### Task instructions
Begin at the top of the records below and return each line exactly through the line with "Durch mehrfaches Betätigen". Skip pictures.

### Input data
━━━━━━━━━━
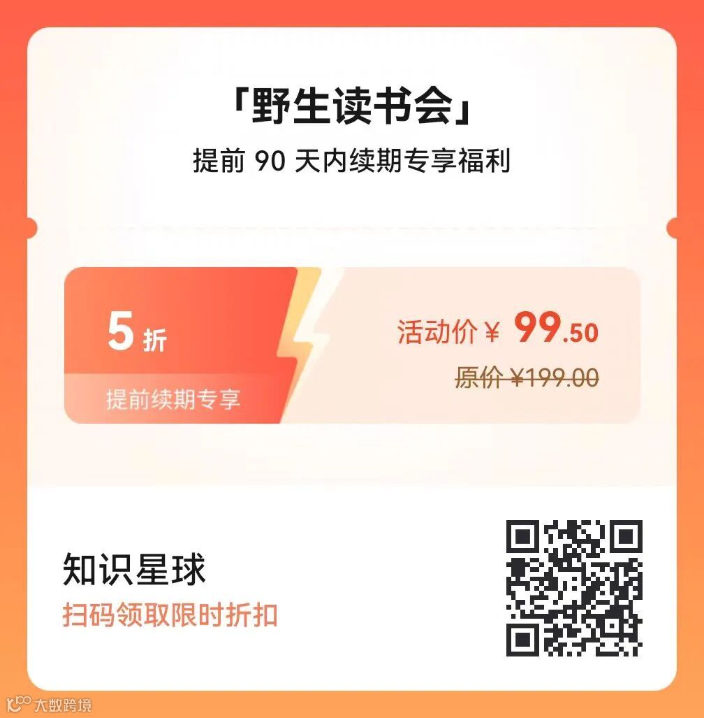 正值 423 读书日,“野生读书会-知识星球会员”优惠活动来啦,新朋友立减 88 元加入,老朋友续费立减 100 元,活动仅限 7 天(4月23日~4月30日),活动结束“野生读书会-知识星球会员”将会涨价至 299 元。
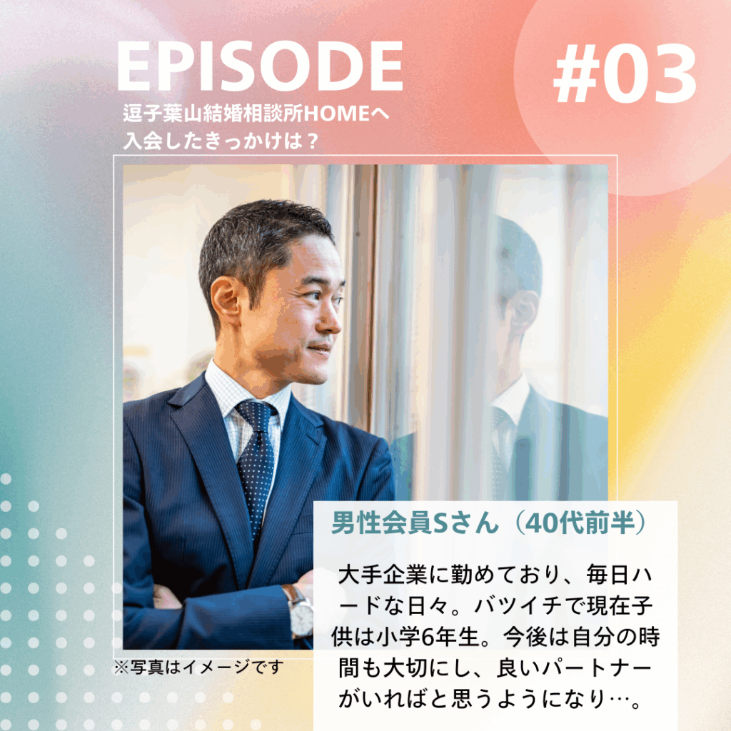 今回は友人に背中を押されたこともあり、時間はかかってもいいから結婚相談所でよいご縁がないかやってみよう!と思ってくださったそうです。
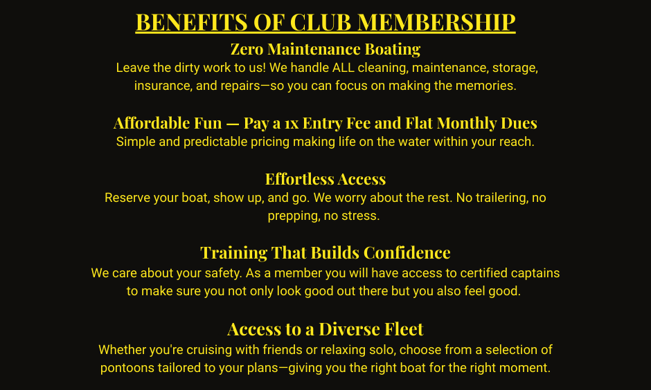 - Member has access to all main fleet boats Monday through Friday during our hours of operation.
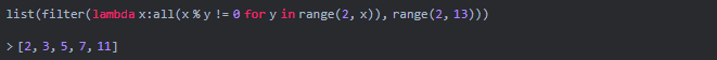 质数是一个只能被自身和1整除的数。例如:2、3、5、7等。为了在一个范围内生成质数,我们可以使用带有filter和lambda的list函数来生成质数。
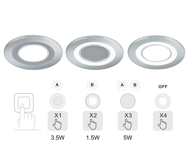 Durch mehrfaches Betätigen des Wandschalters können Sie wählen, ob Sie nur die Hauptleuchte, nur den äußeren Ring oder beide zusammen einschalten wollen.
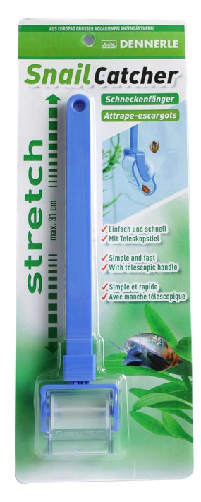 Lapač šneků od značky DENNERLE je praktický nástroj pro snadné a efektivní odstraňování malých šneků z akvárií. Díky teleskopické rukojeti se dostanete pohodlně i do hlubších nádrží bez namáčení rukou. Malé šneky (do velikosti cca 6 mm) jednoduše setřete po skle a přenesete pomocí válcového mechanismu přímo do sběrné komory. Ideální pomocník pro udržení rovnováhy v nádrži bez chemie nebo stresu pro ostatní obyvatele akvária.
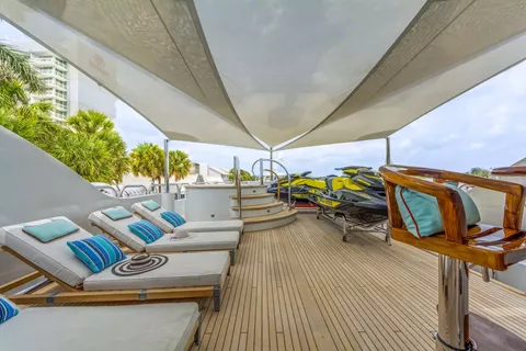 The sky lounge aft deck has a built-in wet bar and buffet, to port and starboard are varnished teak cocktail tables with loose furniture surrounding them. The focus of the Sky Deck is a beautiful varnished teak table that seats 10 guests. On the port side are stairs leading up to the sun deck.
━━━━━━━━━━
### Task solution
 正值 423 读书日,“野生读书会-知识星球会员”优惠活动来啦,新朋友立减 88 元加入,老朋友续费立减 100 元,活动仅限 7 天(4月23日~4月30日),活动结束“野生读书会-知识星球会员”将会涨价至 299 元。
 今回は友人に背中を押されたこともあり、時間はかかってもいいから結婚相談所でよいご縁がないかやってみよう!と思ってくださったそうです。
 - Member has access to all main fleet boats Monday through Friday during our hours of operation.
 质数是一个只能被自身和1整除的数。例如:2、3、5、7等。为了在一个范围内生成质数,我们可以使用带有filter和lambda的list函数来生成质数。
 Durch mehrfaches Betätigen des Wandschalters können Sie wählen, ob Sie nur die Hauptleuchte, nur den äußeren Ring oder beide zusammen einschalten wollen.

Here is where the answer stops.